About this exercise >> The material below is to be copied exactly from the line with "Base di appoggio" up to and including the line with "pieniądze na ogrzewaniu)", with nothing else kept and no pictures.
===
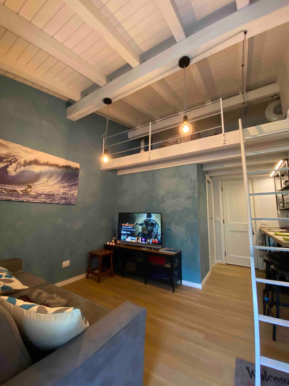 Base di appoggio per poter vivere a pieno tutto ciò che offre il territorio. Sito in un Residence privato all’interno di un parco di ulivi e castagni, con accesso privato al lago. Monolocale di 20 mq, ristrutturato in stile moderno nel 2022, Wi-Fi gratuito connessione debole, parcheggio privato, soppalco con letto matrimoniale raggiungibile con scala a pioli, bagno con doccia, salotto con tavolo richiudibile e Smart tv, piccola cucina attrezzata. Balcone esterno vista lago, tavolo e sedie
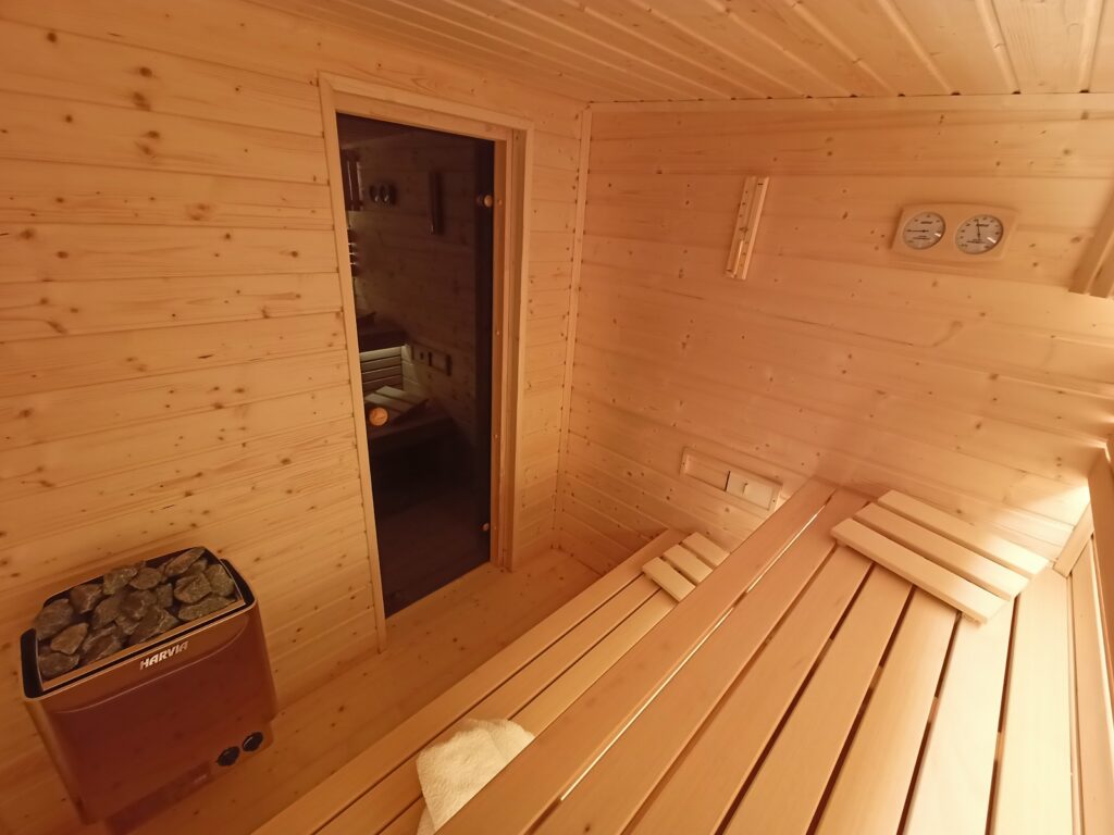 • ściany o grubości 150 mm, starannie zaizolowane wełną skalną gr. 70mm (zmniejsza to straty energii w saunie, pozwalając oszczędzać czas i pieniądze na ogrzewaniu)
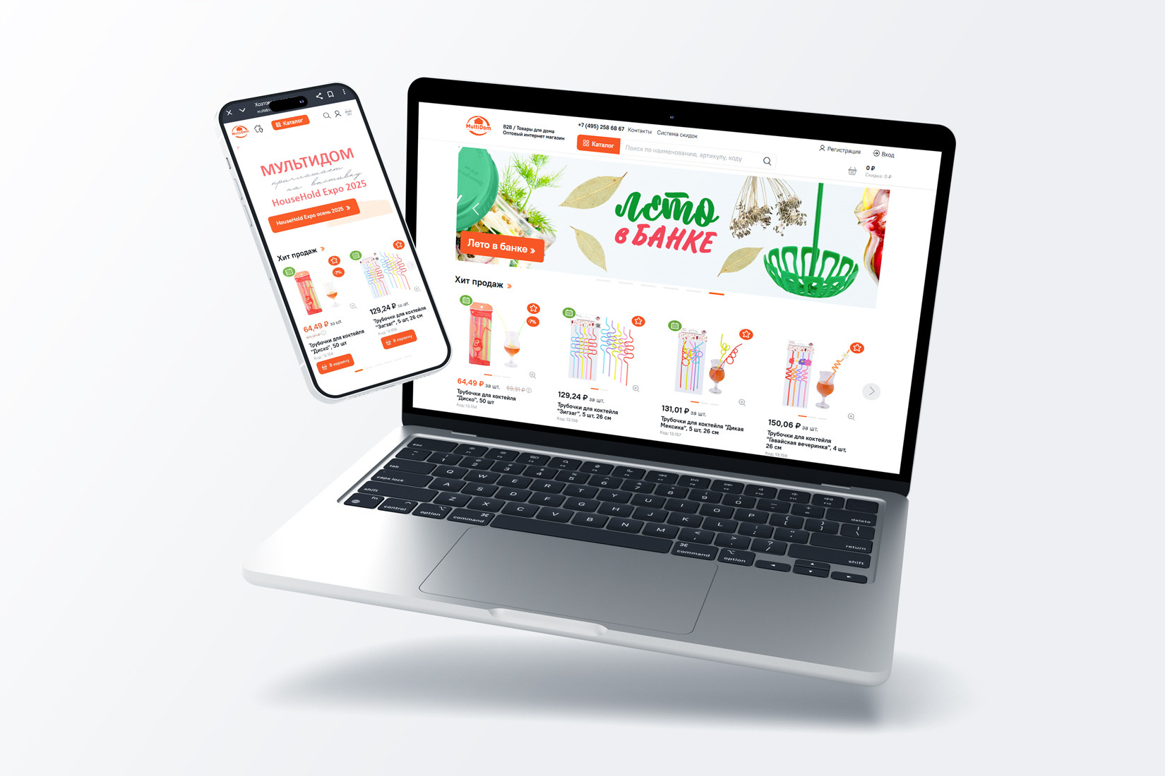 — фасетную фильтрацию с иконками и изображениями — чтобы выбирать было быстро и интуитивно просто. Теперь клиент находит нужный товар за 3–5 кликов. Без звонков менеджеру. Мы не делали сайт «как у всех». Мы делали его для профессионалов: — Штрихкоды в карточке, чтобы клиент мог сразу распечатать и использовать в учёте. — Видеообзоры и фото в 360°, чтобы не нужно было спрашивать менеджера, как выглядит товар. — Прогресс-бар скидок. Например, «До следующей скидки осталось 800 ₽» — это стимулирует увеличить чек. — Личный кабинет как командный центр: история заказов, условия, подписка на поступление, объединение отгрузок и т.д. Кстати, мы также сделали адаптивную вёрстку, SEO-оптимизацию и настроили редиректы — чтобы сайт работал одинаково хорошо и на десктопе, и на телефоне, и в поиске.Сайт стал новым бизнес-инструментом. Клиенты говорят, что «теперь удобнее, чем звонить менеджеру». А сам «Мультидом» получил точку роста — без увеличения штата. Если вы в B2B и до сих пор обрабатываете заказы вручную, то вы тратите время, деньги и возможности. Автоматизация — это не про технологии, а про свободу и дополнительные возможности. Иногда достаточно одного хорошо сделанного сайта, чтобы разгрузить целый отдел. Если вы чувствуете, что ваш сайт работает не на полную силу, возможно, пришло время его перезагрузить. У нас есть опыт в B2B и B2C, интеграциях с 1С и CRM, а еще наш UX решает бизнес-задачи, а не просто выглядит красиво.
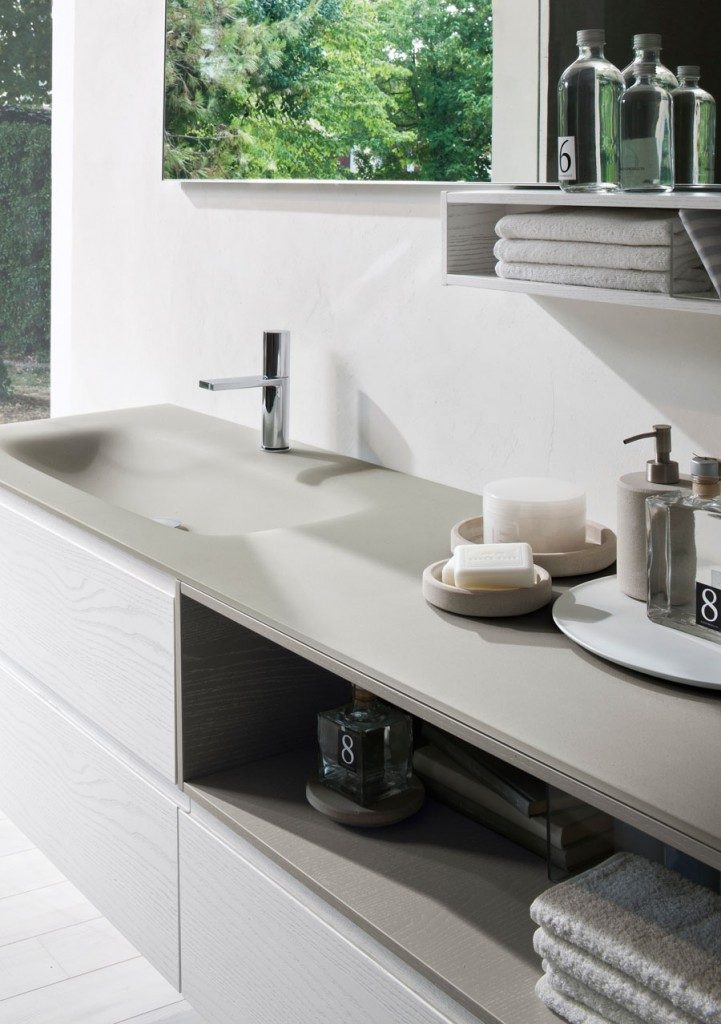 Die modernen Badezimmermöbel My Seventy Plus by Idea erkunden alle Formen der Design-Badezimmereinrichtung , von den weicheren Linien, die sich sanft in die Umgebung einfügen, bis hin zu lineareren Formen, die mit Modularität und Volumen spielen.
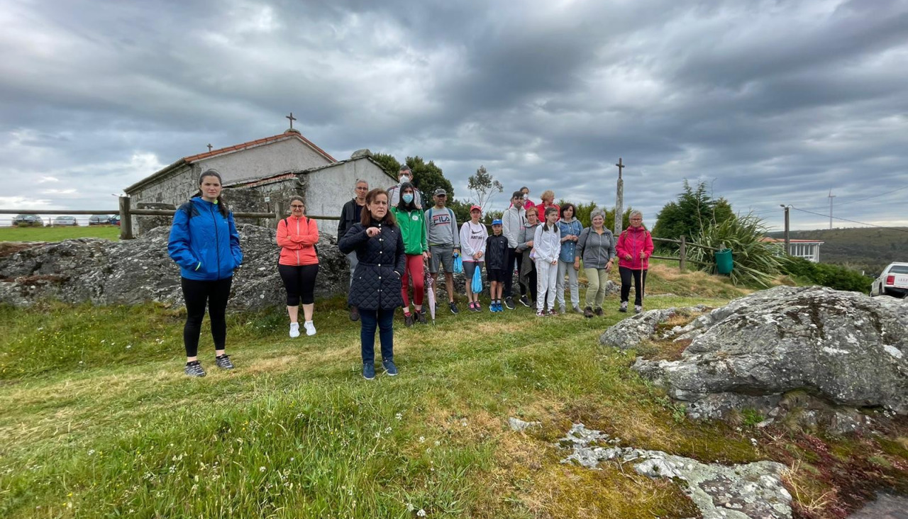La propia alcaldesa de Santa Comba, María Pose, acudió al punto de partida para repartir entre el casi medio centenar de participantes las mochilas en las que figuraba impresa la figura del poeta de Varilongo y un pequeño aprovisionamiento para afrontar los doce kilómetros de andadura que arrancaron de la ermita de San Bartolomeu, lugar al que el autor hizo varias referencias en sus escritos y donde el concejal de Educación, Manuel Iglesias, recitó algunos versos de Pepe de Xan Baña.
===
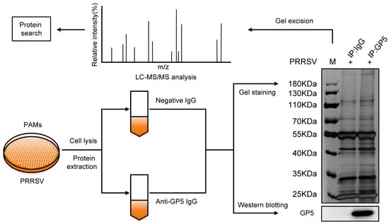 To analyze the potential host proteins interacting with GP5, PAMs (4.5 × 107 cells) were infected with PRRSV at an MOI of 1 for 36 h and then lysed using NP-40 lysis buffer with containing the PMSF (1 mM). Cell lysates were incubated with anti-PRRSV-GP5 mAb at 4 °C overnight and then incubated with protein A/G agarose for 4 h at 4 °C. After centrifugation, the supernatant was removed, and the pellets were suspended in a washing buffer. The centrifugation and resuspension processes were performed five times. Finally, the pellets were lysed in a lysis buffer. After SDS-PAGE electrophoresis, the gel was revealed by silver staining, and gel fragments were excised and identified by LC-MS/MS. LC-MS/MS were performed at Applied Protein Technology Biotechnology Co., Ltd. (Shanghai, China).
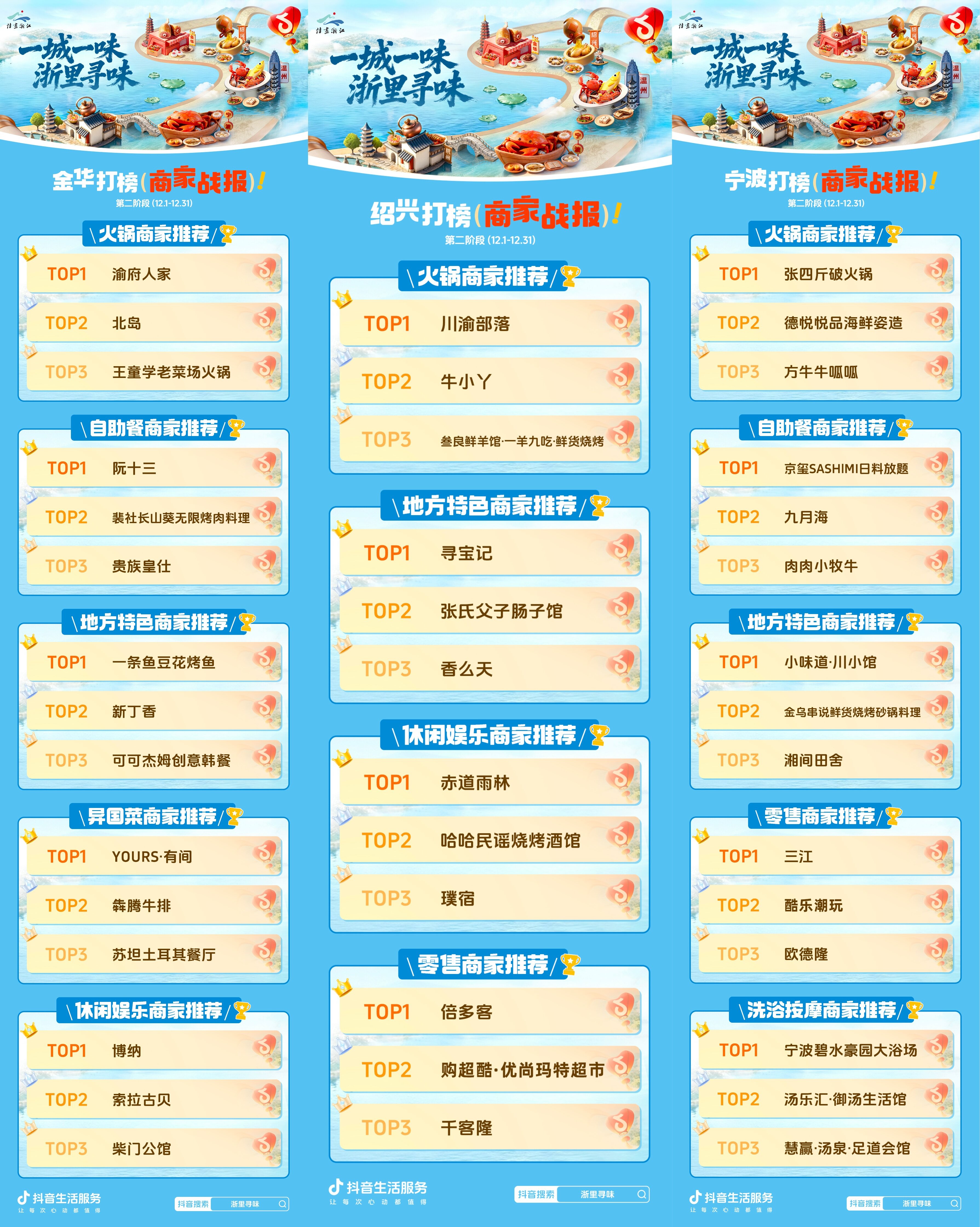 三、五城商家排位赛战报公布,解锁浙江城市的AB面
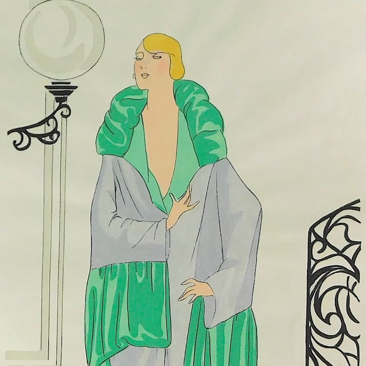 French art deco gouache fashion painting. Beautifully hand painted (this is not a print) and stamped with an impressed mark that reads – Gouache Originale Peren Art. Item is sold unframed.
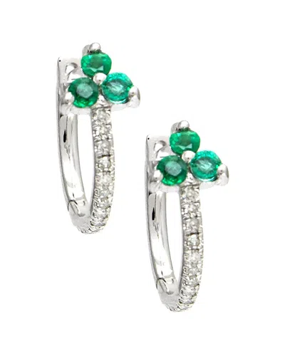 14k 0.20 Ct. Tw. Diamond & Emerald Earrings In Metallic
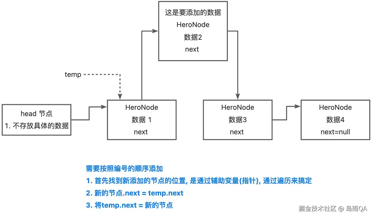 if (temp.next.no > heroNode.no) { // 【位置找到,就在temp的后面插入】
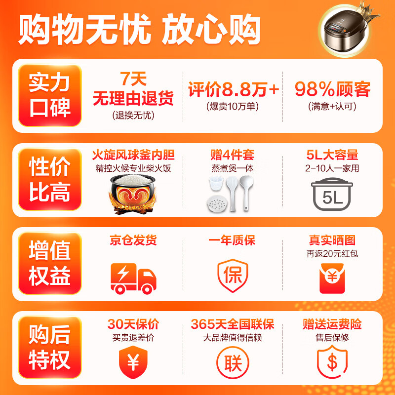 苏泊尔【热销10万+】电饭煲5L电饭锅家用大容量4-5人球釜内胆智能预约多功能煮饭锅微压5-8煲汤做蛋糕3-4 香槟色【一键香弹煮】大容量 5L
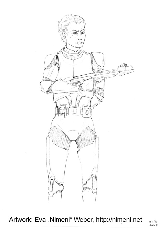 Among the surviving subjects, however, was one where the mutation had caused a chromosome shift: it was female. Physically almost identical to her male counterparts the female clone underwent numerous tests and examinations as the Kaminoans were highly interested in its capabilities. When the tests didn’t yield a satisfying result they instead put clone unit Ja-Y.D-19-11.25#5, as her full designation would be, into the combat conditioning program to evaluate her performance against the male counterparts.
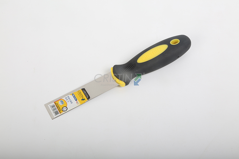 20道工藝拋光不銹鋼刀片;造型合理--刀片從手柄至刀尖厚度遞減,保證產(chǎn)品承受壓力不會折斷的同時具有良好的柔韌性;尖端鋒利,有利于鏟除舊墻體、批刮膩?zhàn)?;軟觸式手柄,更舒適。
===
Solution to this problem >>
 Base di appoggio per poter vivere a pieno tutto ciò che offre il territorio. Sito in un Residence privato all’interno di un parco di ulivi e castagni, con accesso privato al lago. Monolocale di 20 mq, ristrutturato in stile moderno nel 2022, Wi-Fi gratuito connessione debole, parcheggio privato, soppalco con letto matrimoniale raggiungibile con scala a pioli, bagno con doccia, salotto con tavolo richiudibile e Smart tv, piccola cucina attrezzata. Balcone esterno vista lago, tavolo e sedie
 • ściany o grubości 150 mm, starannie zaizolowane wełną skalną gr. 70mm (zmniejsza to straty energii w saunie, pozwalając oszczędzać czas i pieniądze na ogrzewaniu)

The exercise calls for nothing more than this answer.